Clean house: clear mind. Clean data: clear findings.

Posted by on July 30, 2018

Soon after settling in at FreeAgent and getting to grips with my role as a data science intern, I got the opportunity to present some of the data that I had been working on at a ‘town hall’, a company-wide weekly meeting where everyone gets together to present their work, share news and pitch ideas. The data I presented was attitudinal survey data from accountancy practices that had contracts with FreeAgent. This might sound fairly simple, but don’t be fooled! I would like to explain the process of what had to happen before I could even think about presenting this information: data cleaning.

Janitorial justification

In 2016, the International Business Machines (IBM) estimated that the US lost $3 trillion in GDP due to poor quality data and one in three business leaders did not trust the data sources they were using to make decisions1. One way that these losses can be minimised with the best possible quality of data preserved is data cleaning.
Sometimes referred to as data cleansing, data scrubbing or data wash, data cleaning is defined as ‘the process of detecting, diagnosing and editing faulty data’2. All three of these steps are equally important – I’ll use the analogy of cleaning a kitchen to explain. Not taking the time to detect errors would be like declaring your kitchen clean when you haven’t checked the bins – just because you don’t look for it doesn’t mean it’s not there. Not diagnosing the errors would be like not asking anyone why the bins are full – if you don’t find out what/who is responsible then nothing will change in the future. Not editing the errors would be like checking the bins, seeing they were full but going for a nap instead of emptying them – acknowledging there is a problem but ignoring it!

Mopping up can be a daunting task…

Considering the contaminants

The methods with which information is collected, recorded, stored and retrieved can all introduce errors into the data, which means that every dataset has its own individual data cleaning challenges. Although some datasets (like kitchens) are easier to clean than others, the vast majority of datasets contain some form of errors (even new kitchens have dust!). Errors may appear in many different forms, caused by many different reasons.

Sometimes data cleaning is not about removing errors but rather making data interpretable. In large datasets, free text boxes are usually ignored because they are notoriously difficult to interpret. However, free text boxes are valuable sources of information and can provide clues about the types of error that may be encountered during the data cleaning process. Even if it is difficult to clean the free text boxes themselves, manual visualisation of their contents can be very useful during the data cleaning process.

Although it is impossible to identify every error or discrepancy that might occur, the following errors are common across many different types of datasets:

  1. Duplications: where one row contains identical/similar information to another row.
  2. ‘NA’ misclassifications: where empty values are misclassified as known values or vice versa
  3. Erroneous answers: where incorrect values are entered, either accidentally or deliberately (a common effect of compulsory questions that cannot be answered)
  4. White space and alphabetical case errors: where values appear to mean the same thing but are classified differently due to white space or alphabetical case
  5. Spelling mistakes, typing errors or special character errors: where values appear to mean the same thing but are classified differently due to spelling mistakes, typing errors or special characters
  6. Inconsistent time formats: where dates/times have been inputted in several different time formats, making it impossible to make time-based calculations
  7. Data merging ambiguity: where information that could be recorded in different columns is merged into one column, making the information difficult to interpret
  8. Data recording ambiguity: where information is recorded in different ways (e.g. giving a range of values rather than a single value)

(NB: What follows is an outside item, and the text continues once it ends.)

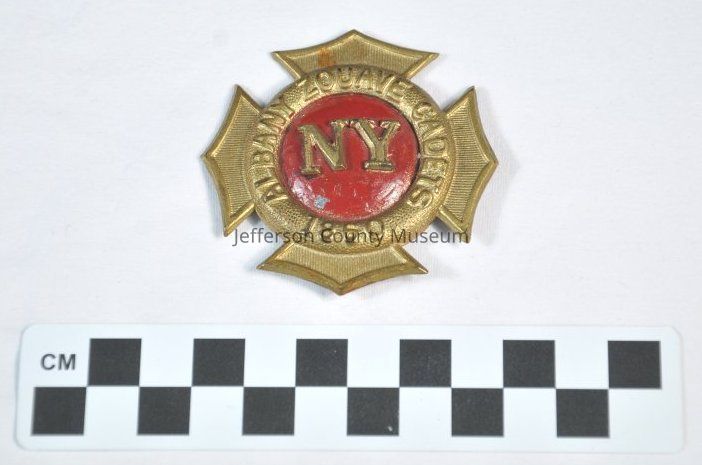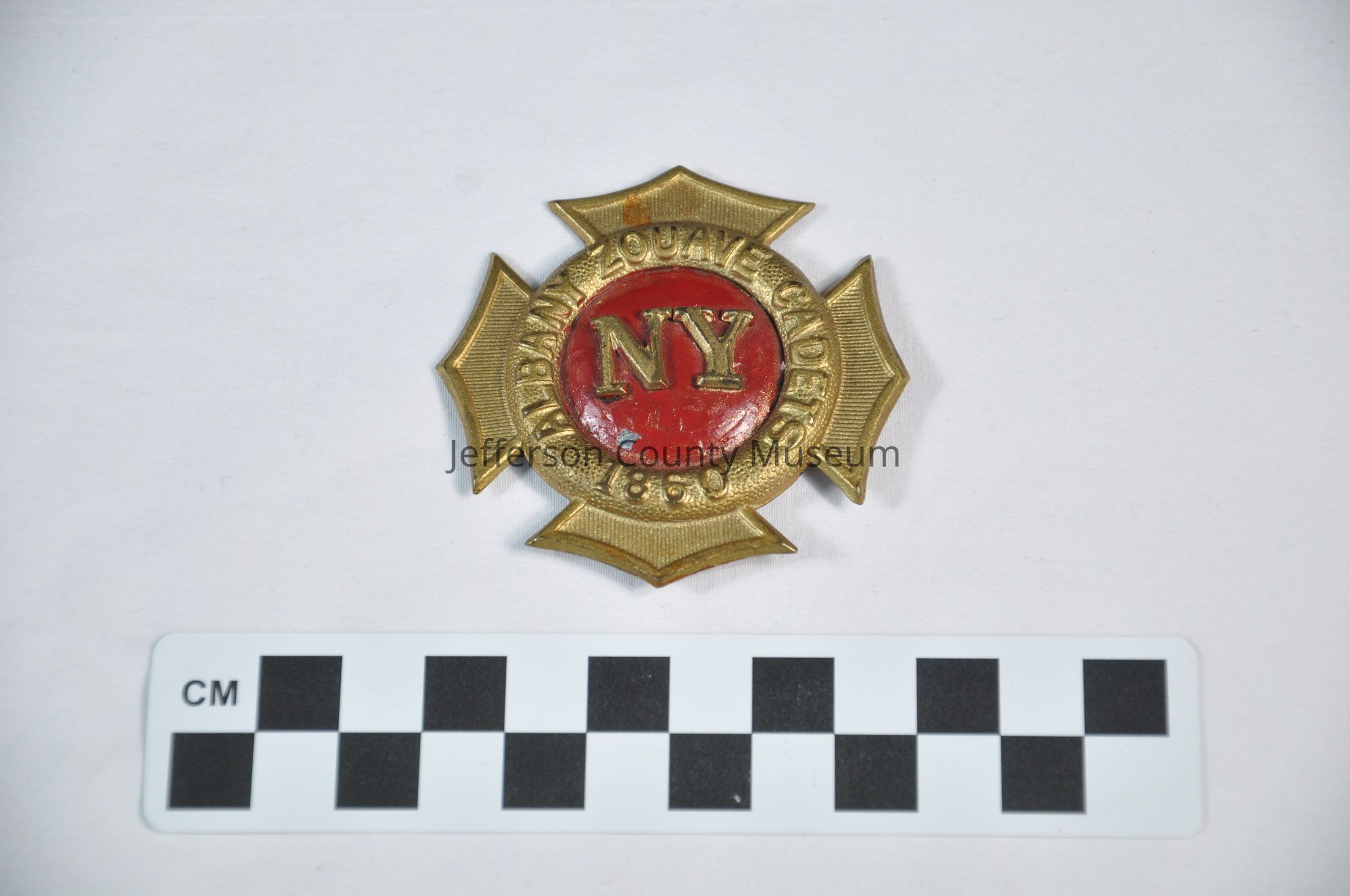 Hat badge shaped like fireman's badge. Around circle "ALBANY ZOUAVE CADETS 1860". In center "NY". Painted gold, red in center behind the NY. This is a post Civil War reunion badge.Acquisition
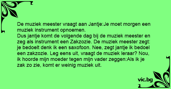 Dus jantje komt de volgende dag bij de muziek meester en zeg als instrument een Zakzozie. De muziek meester zegt: je bedoelt denk ik een saxofoon. Nee, zegt jantje ik bedoel een zakzozie. Leg eens uit, vraagt de muziek leraar? Nou, ik hoorde mijn moeder tegen mijn vader zeggen:Als ik je zак zo zie, komt er weinig muziek uit.

Finally, data cleaning should be undertaken carefully so that unanticipated biases are not introduced into the dataset. It is good practice to analyse the data before and after the data cleaning process to see how this affects the results.

Winston always takes care when cleaning…

Next time: why, where, who and what… but how?

We’ve looked at why data cleaning is important (it improves data quality), where the errors exist (most datasets), who needs to consider data cleaning (everyone that performs data analysis) and what errors exist (a huge variety!) – but how do we actually go about cleaning the data? This can be a daunting task if you don’t know any data cleaning tools (just as cleaning a kitchen would be if you didn’t have any materials!) so in my next blog post, I’ll demonstrate some R-based data cleaning techniques for the most common types of error.

References

  1. IBM. 2016. The four V’s of big data. Retrieved from: http://www.ibmbigdatahub.com/infographic/four-vs-big-data. [Accessed 25 July 2018]
  2. Van Den Broeck, J., Cunningham, S. A., Eeckels, R., & Herbst, K. (2005). Data cleaning: Detecting, diagnosing, and editing data abnormalities. PLoS Medicine, 2(10), 0966–0970. https://doi.org/10.1371/journal.pmed.002026

Castles, canals and coffee: my first week as a FreeAgent data science intern

Posted by on July 19, 2018

My regular job is as a PhD student specialising in veterinary biology but this summer I have an amazing opportunity to be a data science intern at FreeAgent. If you are wondering why a biologist came to work at an accountancy software company, this is because of the particular branch of biology that I study: ‘epidemiology’. An epidemiologist typically uses data to understand ‘the distribution and determinants of health-related states or events’1 and the statistical techniques that they use are often also used by data scientists. For example, at university I use data about dogs to predict their health and at FreeAgent I will be using data about customers to predict their success with the software. Despite these similarities, I am still going to have so much to learn and when I arrived at FreeAgent I was really excited to get stuck into my new role.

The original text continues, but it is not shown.